Twitter tried to argue with the world’s richest man in recent weeks as he grabbed his stock. Last week, Twitter offered Mr Musk a seat on the board, but it deteriorated in the deal when it became clear that he would no longer be free to criticize the company. He turned down the role on Saturday and briefed Twitter on Wednesday night about his acquisition plans.

Twitter said in a statement that its plan for poison pills, which will remain in place until April next year, “is similar to other plans adopted by public companies in similar circumstances.”

Other leading shareholders on Twitter, according to FactSet, include investment giant Vanguard Group, the largest, with a 10.3 percent stake; Morgan Stanley Investment Management, with 8% stake; and BlackRock Fund Advisors, with a 4.6 percent stake.

Ark Investment Management, led by Katie Wood, a star in Reddit’s investment community that previously bet on Mr. Musk, has a stake of 2.15 percent. One of the founders of Twitter, Jack Dorsey, who is friendly with Mr. Musk, has a 2.2 percent stake. The Twitter board, which includes Mr Dorsey, voted unanimously in favor of the poison pill.

Mr. Musk seemed to be preparing for a long battle on Thursday. “Taking Twitter private for $ 54.20 should depend on shareholders, not the board,” he wrote on Twitter, along with a Yes / No poll.

Mr Musk’s initial proposal left important questions open. Mr Musk hired Morgan Stanley to advise the offer, although the investment bank is not known for self-financing large-scale deals. And Twitter shareholders seemed cautious: Twitter shares fell nearly 2 percent on Thursday, closing at $ 45.08, well below Mr. Musk’s offer. US stock markets closed on Friday for Good Friday.

Prince Al-Walid bin Talal of Saudi Arabia, who described himself as one of Twitter’s largest and long-term shareholders, said on Thursday that Twitter should reject Mr Musk’s proposal because it was not high enough to reflect. “intrinsic valueAnalysts also suggest that Mr Musk’s price is too low and does not reflect Twitter’s recent performance.

Mr Musk said accepting Twitter as private would allow more freedom of speech to flow on the platform. “My strong intuitive feeling is that having a public platform that is as trusted and inclusive as possible is crucial to the future of civilization,” he said in an interview with TED on Thursday.
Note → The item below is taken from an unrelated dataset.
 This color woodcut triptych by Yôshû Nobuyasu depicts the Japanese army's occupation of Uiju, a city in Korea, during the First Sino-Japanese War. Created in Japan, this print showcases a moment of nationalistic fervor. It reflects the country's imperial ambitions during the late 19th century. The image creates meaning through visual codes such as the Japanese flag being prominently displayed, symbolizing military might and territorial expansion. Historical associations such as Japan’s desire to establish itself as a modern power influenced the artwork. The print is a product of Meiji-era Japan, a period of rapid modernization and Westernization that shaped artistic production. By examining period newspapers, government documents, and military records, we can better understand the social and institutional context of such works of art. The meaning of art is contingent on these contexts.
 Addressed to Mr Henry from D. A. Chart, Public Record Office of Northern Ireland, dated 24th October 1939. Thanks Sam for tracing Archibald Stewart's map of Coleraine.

He also insisted that the algorithm Twitter uses to rank its content, deciding what hundreds of millions of users see on the service each day, must be public so users can audit.
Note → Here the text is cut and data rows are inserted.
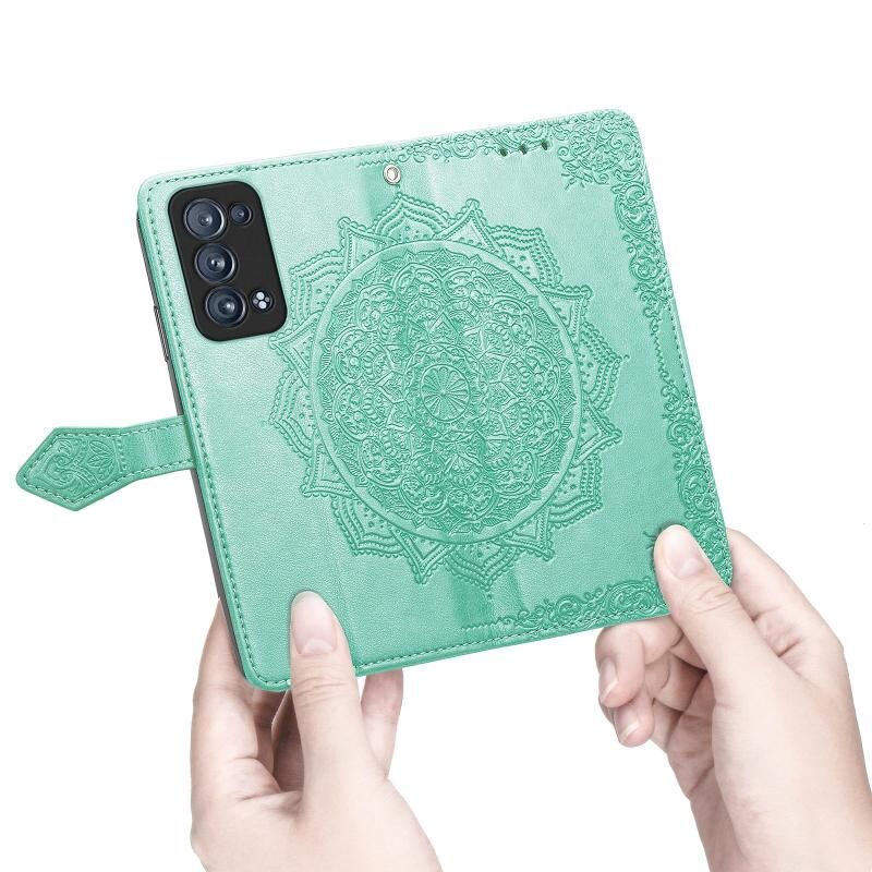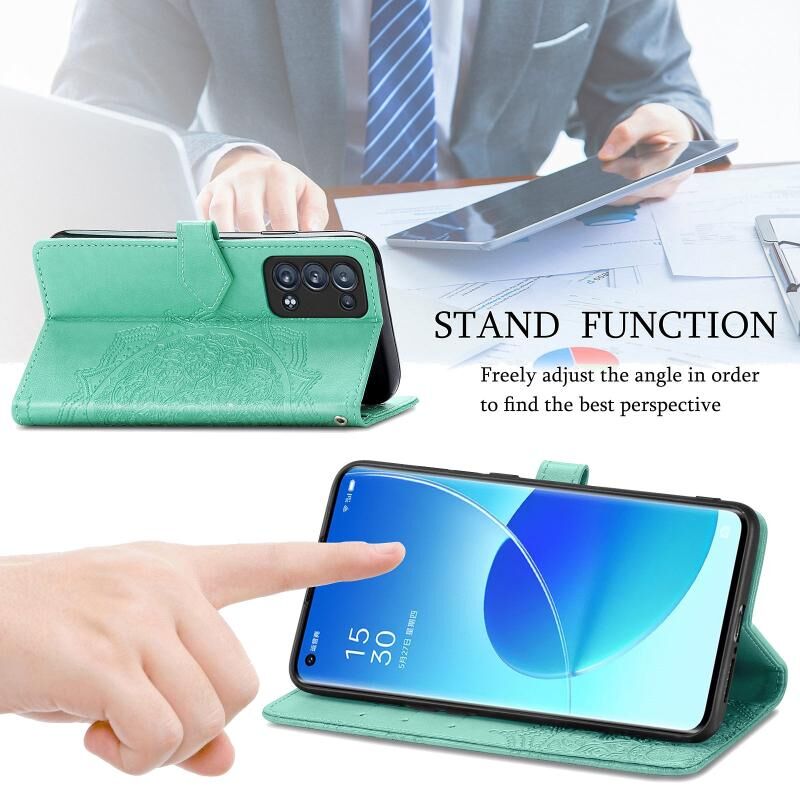 Για OPPO Reno6 Pro + 5G Mandala λουλούδι ανάγλυφο οριζόντια Flip δερμάτινη θήκη με θήκη & τρεις υποδοχές για κάρτες & πορτοφόλι & κορδόνι (πράσινο)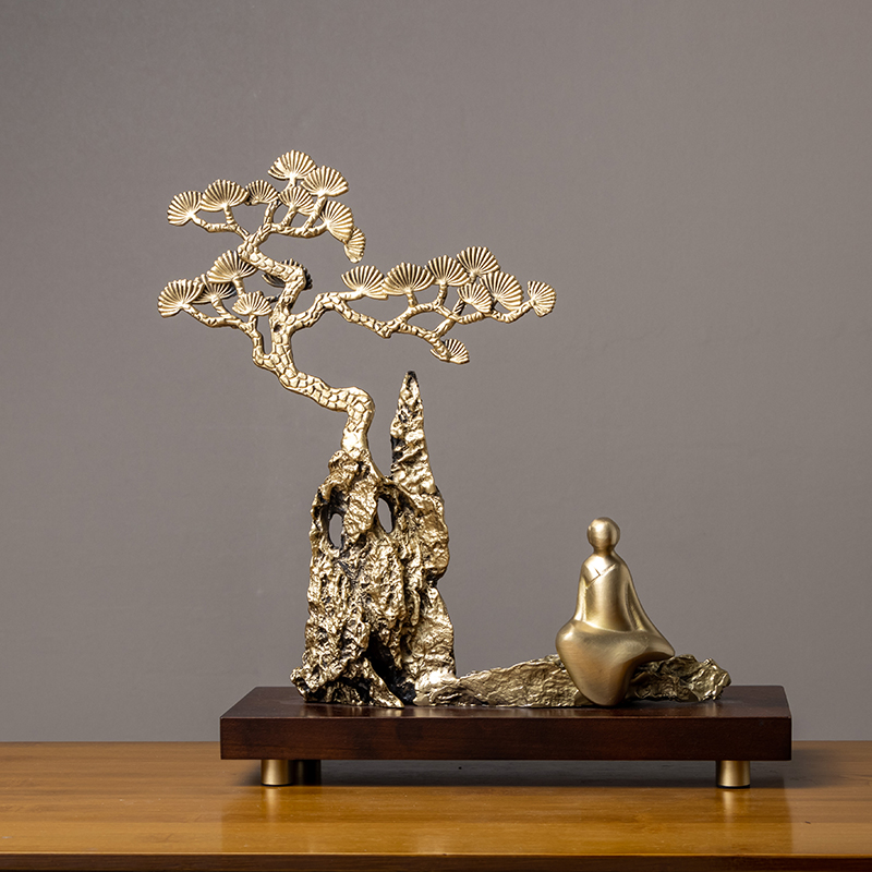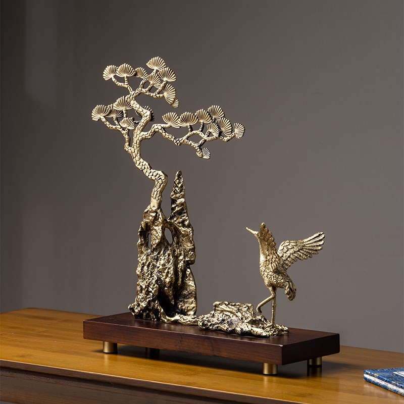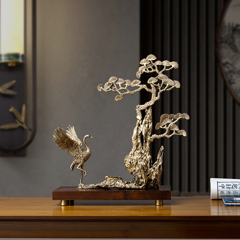 现货速发迎客松摆件新中式客厅仙鹤乔迁新居礼品玄关酒柜办公室装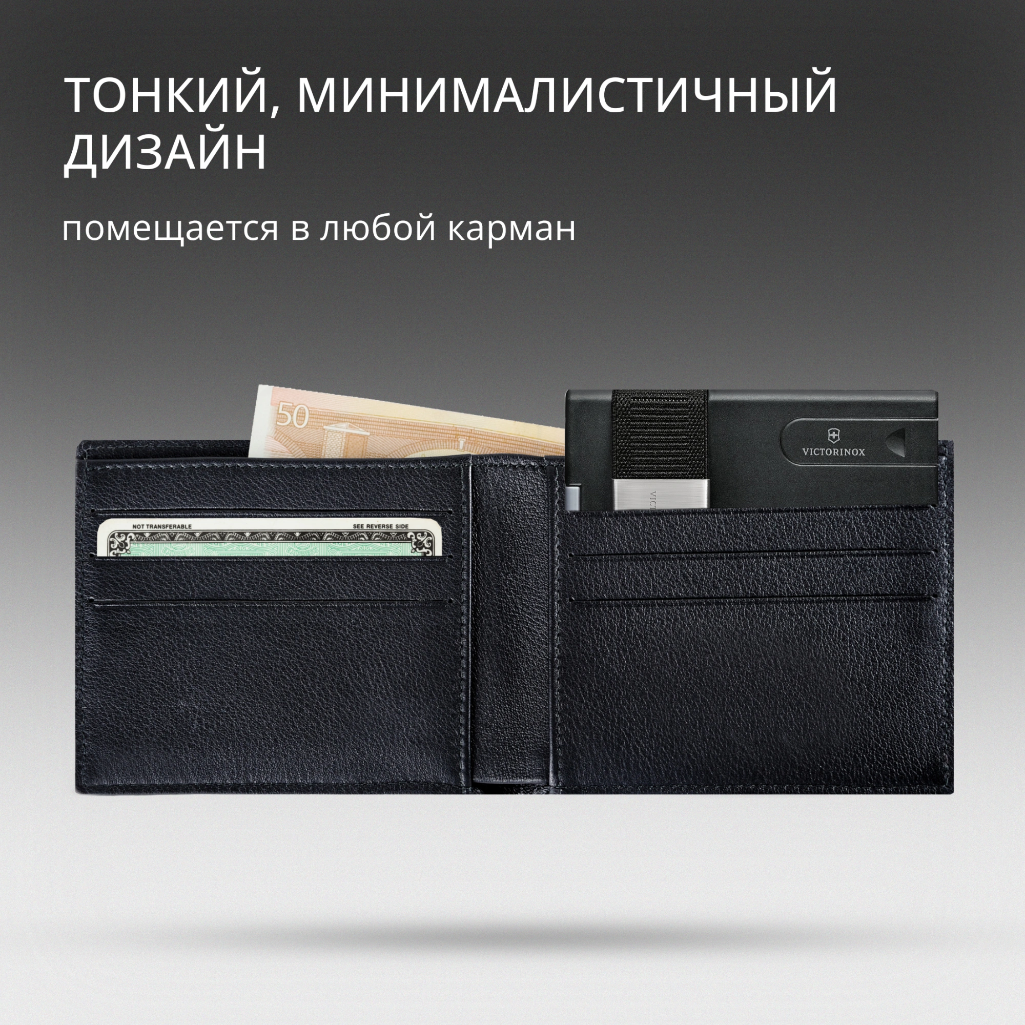 имеет запатентованную систему скольжения, которая позволяет легко вставлять карты и доставать одним движением

Mr Musk’s concerns have been shared by many Twitter executives, who are also pushing for more transparency about his algorithms. The company publishes internal research on bias in its algorithms and funds efforts to create an open, transparent standard for social media services.

But Twitter objected to Mr Musk’s tough tactics. Following a board meeting on Thursday morning, the company began exploring ways to block Mr Musk, including the poison pill and the possibility of courting another buyer.

During a general meeting on Thursday, Twitter’s chief executive, Parag Agraval, tried to reassure employees of the potential shake-up. Although he declined to give details of the board’s plans, he encouraged employees to stay focused and not allow themselves to be distracted by Mr Musk.

This is an evolving story. Check again for updates.